Sunday, April 17, 2011

K.I.S.S. part II

This post is about keeping it simple on the solution side of things:

Now it's easy for me to say "don't make shit complicated". I mean some shit is complicated by nature, and the only thing that's left to do is get up to speed on the details until it becomes clear. In addition, due to the exploratory nature of software development, often shit only becomes simple after you've done it the complicated way. Our understanding of the problem may grow as time goes on, and based on the improved understanding, the code may start looking clearer, and typically more compact.

I think it was Mel Gibson who once said about acting "it takes a lot of work to make it look effortless". As a refactoraholic, I can testify to the fact that "it takes a lot of work to make code look easy". A person looking at simply written code might be tempted to say "oh yeah, I could have thought of it myself". Just like a good textbook that does a good job of explaining something, might get you quicker to the eureka moment, so will compact, loosely coupled code, with good comments and variable names that make sense get you to find logical errors and bugs, as well as make adding new features faster.

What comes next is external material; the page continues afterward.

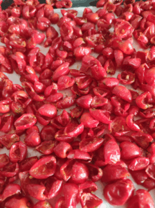 Wenn Du die Hagebutten selbst pflücken und verwenden möchtest, sollten sie ordentlich rot gefärbt und nicht mehr steinhart, aber noch fest sein. Hagebutten enthalten viele Kerne, die wiederum mit kleinen Härchen versehen sind. Das macht eine weitere Verarbeitung zugegebenermaßen aufwendig. Aber aufgrund ihres hohen gesundheitlichen Wertes lohnt dieser Aufwand. Du kannst die Früchte, wenn sie von Blütenansatz und Stiel befreit sind, einfach trocknen. Das geht entweder im Ofen bei niedriger Temperatur (ca. 50-60°C) oder in einem Dürrgerät oder man trocknet sie im Ofen an und lässt sie dann dünn ausgelegt bei Zimmertemperatur fertig trocknen. Getrocknete Hagebutten (mit Kernen) können für Tee oder für Hagebuttenpulver verwendet werden.

After refactoring I often stumble on some "obvious" logical errors in the code. It can look like a dumb mistake in the logic, but it only became obvious after 2-3 rounds of refactoring. Previously this mistake may have been burried so deep, it would have been much more difficult to "see".

K.I.S.S.

As I look at the experiences I've had handling difficult code written by other people, some patterns seem to emerge. One of the most persistent patterns that seem to be causing most of the software maintenance issues I've encountered is people making shit too fucking complicated! And by that I mean people not following the principle "Keep it simple, stupid" (aka, K.I.S.S.).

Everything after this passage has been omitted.